**To do**
Your copy starts at the line containing "Однокомнатная квартира в" and ends at the last line of the material below. Reproduce those lines exactly, with no pictures.

**Extracted records**

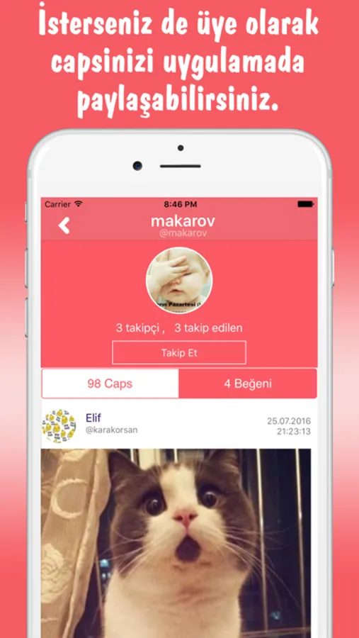 Capso uygulaması ile resim ve video capsler oluşturabilir, uygulama içinde paylaşabilirsiniz.
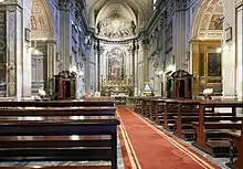L'intérieur est à nef unique avec trois chapelles latérales de chaque côté. Le maître-autel est surplombé d'un tableau de Francesco Pascucci représentant le martyre de saint Vincent et de saint Anastase.
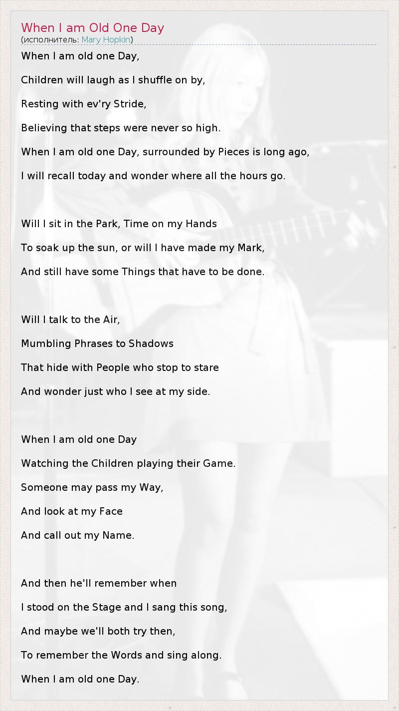 А как ты думаешь, о чем песня "When I am Old One Day" ?
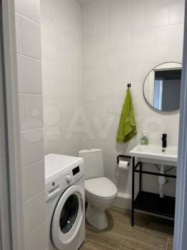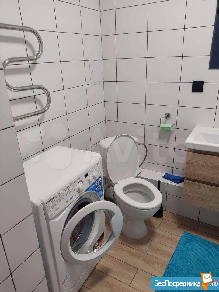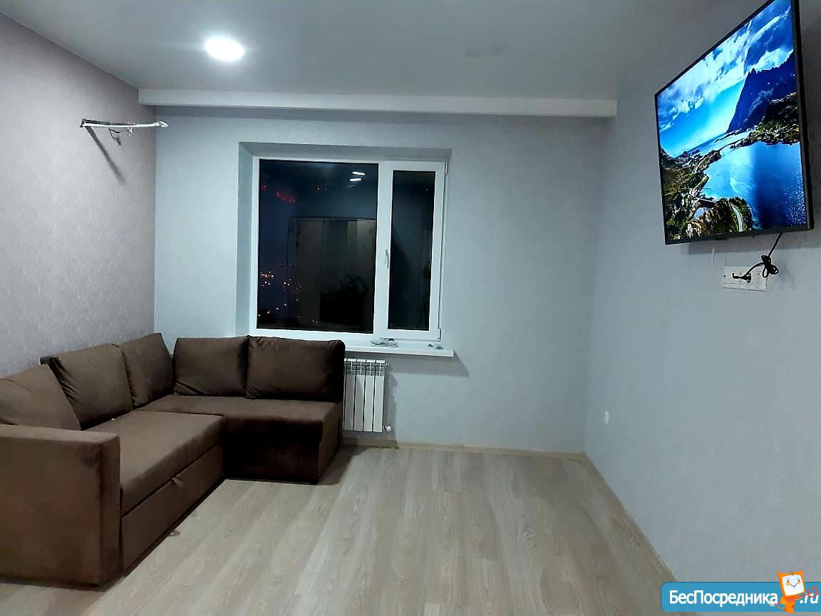 Однокомнатная квартира в новом доме с индивидуальным отоплением (всегда в наличии горячая вода, экономия по отоплению). В квартире: двуспальная кровать, шкаф, диван, кухонный гарнитур, плита, холодильник, обеденный стол, стулья, стиральная машина.
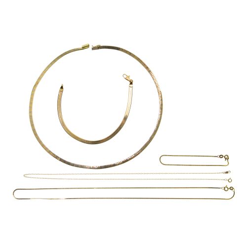 (5) items including a tri-color box style chain necklace 0.25-inch wide, (2) chain style necklaces, (3) chain style bracelets (all marked "14k" / "585")
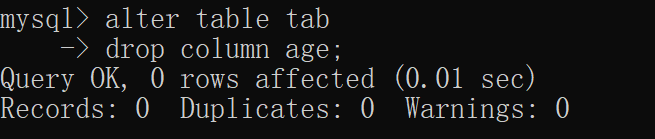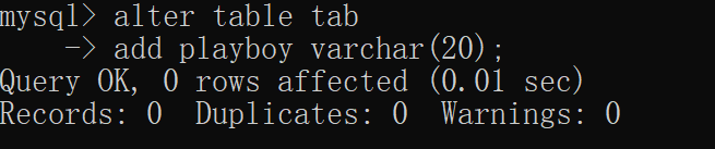 更新表的定义,给表加上一行使用alter table + 表名 的命令:
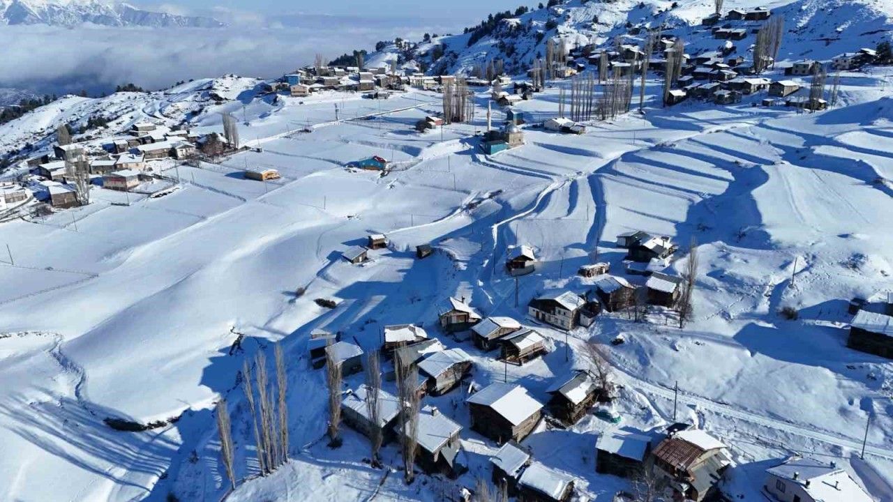 Dron kamerasıyla görüntülenen bu eşsiz manzaralar, doğaseverlerin ve fotoğraf tutkunlarının ilgisini çekiyor. Görüntülerde köyün doğal dokusu, kışın beyaz örtüsüyle birleşerek huzur veren bir atmosfer sunuyor.

**Result of this exercise**
 Однокомнатная квартира в новом доме с индивидуальным отоплением (всегда в наличии горячая вода, экономия по отоплению). В квартире: двуспальная кровать, шкаф, диван, кухонный гарнитур, плита, холодильник, обеденный стол, стулья, стиральная машина.
 (5) items including a tri-color box style chain necklace 0.25-inch wide, (2) chain style necklaces, (3) chain style bracelets (all marked "14k" / "585")
 更新表的定义,给表加上一行使用alter table + 表名 的命令:
 Dron kamerasıyla görüntülenen bu eşsiz manzaralar, doğaseverlerin ve fotoğraf tutkunlarının ilgisini çekiyor. Görüntülerde köyün doğal dokusu, kışın beyaz örtüsüyle birleşerek huzur veren bir atmosfer sunuyor.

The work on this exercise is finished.